L’attività dell’Opera San Francesco di Milano, è conosciuta a livello nazionale; è nata ufficialmente il 20 dicembre 1959, quando l’allora vescovo di Milano, il cardinale Montini, poi divenuto Paolo VI, inaugurò i locali della mensa voluta da fra Cecilio, il frate cappuccino portinaio del convento di viale Piave. A quella prima struttura, finanziata dal dottor Emilio Grignani, un industriale milanese, se ne sono poi aggiunte varie altre, trasformate dalle centinaia di volontari in un luogo di fraterna accoglienza per tante persone in difficoltà. Oggi, nel cuore di Milano, la realtà dell’Opera San Francesco, grazie all’impegno di seicento volontari, è in grado di distribuire 2.500 pasti al giorno, offrire 250 ingressi alle docce e oltre 40 cambi di abito, oltre che assistere, curare e sostenere con farmaci circa 140 persone. Ma se è vero che l’uomo non vive di solo cibo materiale, ecco che l’Opera San Francesco accoglie e ascolta oltre 2.000 poveri, e tiene 17 piccoli appartamenti a disposizione per accoglienze temporanee.
Poco prima dell’incontro ho approfittato per fare qualche domanda a padre Maurizio. A dire il vero non è stato facile avvicinarlo, perché impegnato a rispondere alle tante domande e curiosità di alcuni partecipanti alla serata, che già conoscevano l’Opera San Francesco e che erano arrivati in anticipo, nella speranza forse di poter dialogare con lui in modo diretto.
Attraverso le parole e l’attività milanese di padre Maurizio si spiega lo sguardo verso il futuro prossimo, perché proprio a Milano dal 30 maggio al 1° giugno si terrà il VII incontro mondiale delle famiglie, un importante appuntamento ecclesiale, nel quale troverà spazio anche il tema della missione.

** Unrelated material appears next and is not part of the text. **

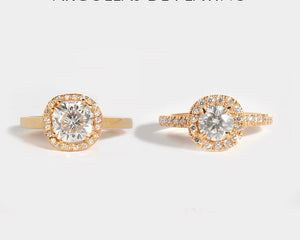 Es una de las preguntas más comunes al comparar anillos de compromiso: ¿cómo es posible que dos piezas que se ven tan similares tengan precios tan diferentes? La respuesta está en el corazón de cada joya: una tiene moissanita y la otra un diamante natural.

Padre Maurizio, alla luce dell’attività che vi vede impegnati a Milano a diretto contatto con tanti poveri, cosa significa “missione”?
Che domanda impegnativa! Credo che quando parliamo di missione il nostro pensiero vada automaticamente a chi parte per terre lontane, religiosi, sacerdoti e suore e ora anche laici, visto che ultimamente ci sono intere famiglie di laici che partono per esperienze in vari paesi extraeuropei, America Latina, Asia e Africa. Ecco, questa secondo me è certamente una visione positiva della missione che però aiuta a ricondurci alla mia, alla nostra esperienza missionaria. La missione a che cosa è collegata innanzitutto? Alla chiamata, e ciascuno di noi, in virtù del battesimo, è chiamato a una missione. Il Signore ci ha chiamati e ci invia: la missione è questo invio che il Signore chiede a ciascuno di noi. E quindi la missione non può mai essere qualcosa di diverso dalla chiamata che il Signore rivolge a ciascuno e riguarda tutti i cristiani, proprio perché tutti siamo chiamati in virtù del battesimo. Ed ecco che la missione nasce, quasi inevitabilmente direi, come la seconda faccia della stessa medaglia. Gesù nel vangelo usa un’espressione che in latino mi piace sempre: «evangelizzare pauperibus misit me», cioè “il Signore mi mandò a evangelizzare i poveri”, e questo essere chiamati ad annunciare - ecco quindi la missione - la Parola di Dio, la bellezza di Dio, la bellezza dell’incontro con Dio a tutti, è la missione. Chi ha incontrato il Signore - ecco la chiamata - chi è pieno di gioia per questo incontro con il Signore ha bisogno non di tenerlo per sé ma di annunciarlo. “Andate”: l’andare è la missione. Andate, predicate, battezzate nel nome del Padre, del Figlio e dello Spirito Santo vuol dire proprio andare ad annunciare questa bellezza di un incontro con il Signore che è talmente totalizzante per la mia vita che non posso tenerlo per me.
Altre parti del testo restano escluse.